How to install and configure SSH server on RHEL 7
Setting up a SSH server is one of the most common tasks a system administrator has to do and must know how to do. It is a simple thing to do indeed, but configuring and securing a SSH server is another matter. Let’s learn the basics.
So what is SSH?
If you’re asking this, well you’re not in the right place. Before you go and configure a server, you should understand how SSH works and how to use its client. You can wait forever to learn a fundamental skill, or do it now reading this post.
Install SSH serverTo commence you must install the SSH server (and client). There are many servers that you can choose from, but today we’re going to install OpenSSH, probably the most popular one.
# yum install -y openssh-server openssh-clients
If everything goes well, you will have a SSH server installed and a key for the host configured. Next thing is to enable and start the service using systemd. And next is opening the appropriate firewall port. I assume you’re using firewalld instead of iptables.
# systemctl start sshd # systemctl enable sshd # firewall-cmd --permanent --add-service ssh # firewall-cmd --reload
This ensures the SSH server is loaded and started at boot time, and start it right now. Ok, end of the story. It can indeed work like this, but you should also take a few minutes to configure your new SSH server.

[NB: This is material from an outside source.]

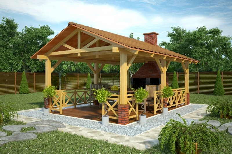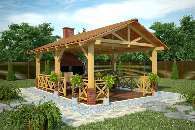 Projekt altany ogrodowej z grillem. Do projektu dołączone jest zestawienie: podstawowych materiałów konstrukcyjnych i więźby dachowej, jak równieżbezpłatna zgoda na dokonanie zmian.

First you should familiarize with the configuration folder: /etc/ssh . You will find a few files inside this folder, the configuration of the server resides however in the sshd_config file.
Configuring SSH server
There are many many configuration options, we’ll cover the most important ones.
Port 22 # Tells sshd to listen on the port AddressFamily any # Listen on IPv4 or IPv6 only or both ListenAddress 0.0.0.0 # Listen on the address specified, can use both IPv4 and IPv6 PermitRootLogin no # Allow root to use ssh, it should always be set to no MaxAuthTries 6 # Defines the number of tries allowed during login MaxSessions 10 # Defines the maximum number of simultaneous connections PubkeyAuthentication yes # If set to yes enables the use of public key authentication PasswordAuthentication yes # This will enforce key-based if set to no and ask passwords if set to yes
This is by no mean a complete list, but shows you the most used (and important) options. If you’re willing here’s the complete list. Be sure to reload sshd for the changes to take effect
# systemctl reload sshd
Also, changing the port or the address will require a restart of the SSH server.
You now know how to install and modify the basic configuration of OpenSSH server, but there are quite a few things we didn’t mention: e.g. if you wanted to change the port on which SSH listens you should change the Port option, however that wouldn’t be enough. You must inform the firewall in order for that to work (if enabled), and if it is enabled also SELinux. Since these are quite advanced things and go beyond the scope of the article itself, we won’t address them.